# Mass Mortality of Chinese Mantis: 62/65 individuals dead over the weekend



## ArcticMantis (Nov 18, 2019)

Hello,

I've been raising Chinese mantises (Tenodera sinensis) in my lab for 5 months now. They were all L6-L7, not yet adults, because I needed them for experiments in January so I was feeding them weekly and keeping them at about 22 degrees Celsius. Over these 5 months, I have left them alone every single weekend, and they have always been fine. However, this morning (Monday) I came into the lab to find all but three of them dead. They were all doing fine on Friday.
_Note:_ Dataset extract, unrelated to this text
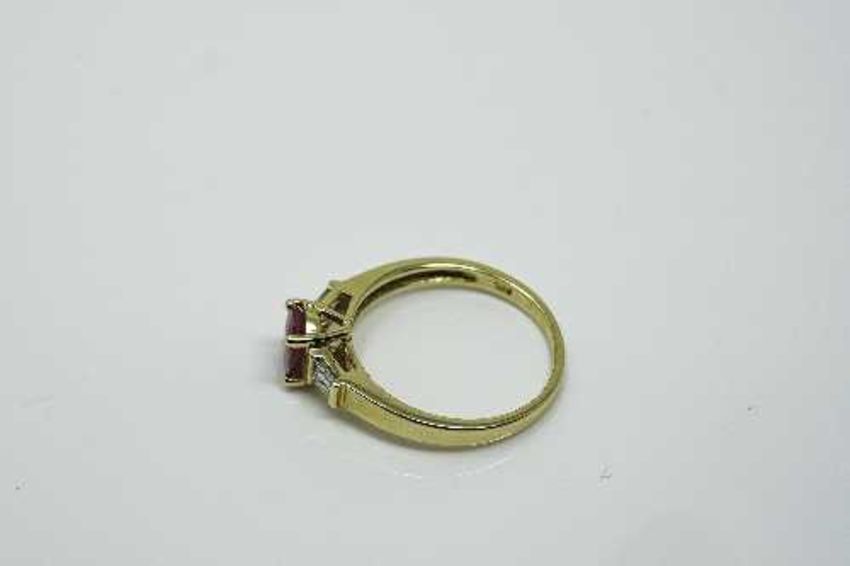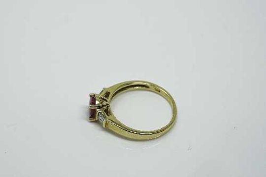 A 10ct gold ruby and diamond ring, the central ruby approximately 1ct, 2.6g, size N.

Most of the dead are in the lying-on-the-back, legs-up death pose, but others are upright on the bottom of their containers (but dead). Only one had a moult skin, and none of the others seemed to have had a failed moult of any kind. the back portion of their abdomens, near the anus, was dark, but I find this isn't uncommon for mantises that die from anything. The humidity was still 66% when I came in, so it wasn't too dry. 

I had them on crickets before, but a few died, so I switched to mealworms, which I have been feeding them for 4 weeks now. I recently bought some new mealworms at Petsmart, because it was the only place I could find them that wasn't a two hour trip away. I fed the mealworms some apple _after _I fed my mantises. I considered the possibility that Petsmart sold me tainted mealworms, but there doesn't seem to be any vomit or diarrhea in the containers, so that seems unlikely. Also, I was feeding them on a rotation, 1/3 on Monday, 1/3 on Wednesday, 1/3 on Friday, so I feel like if the deaths were food-related, it should have happened in waves.

I suspect it might be temperature related. Where I am, it went below -10 degrees Celsius outside this weekend (as it has the last few weekends). I don't have a heat source set up because the heat is supposed to run in the lab through the weekend. I've emailed the maintenance board to see if the heat was interrupted at any point over the weekend, due to repairs or perhaps a malfunction, but they say their records have the room between 19 and 22 degrees all weekend. They also said that no cleaning was done over the weekend.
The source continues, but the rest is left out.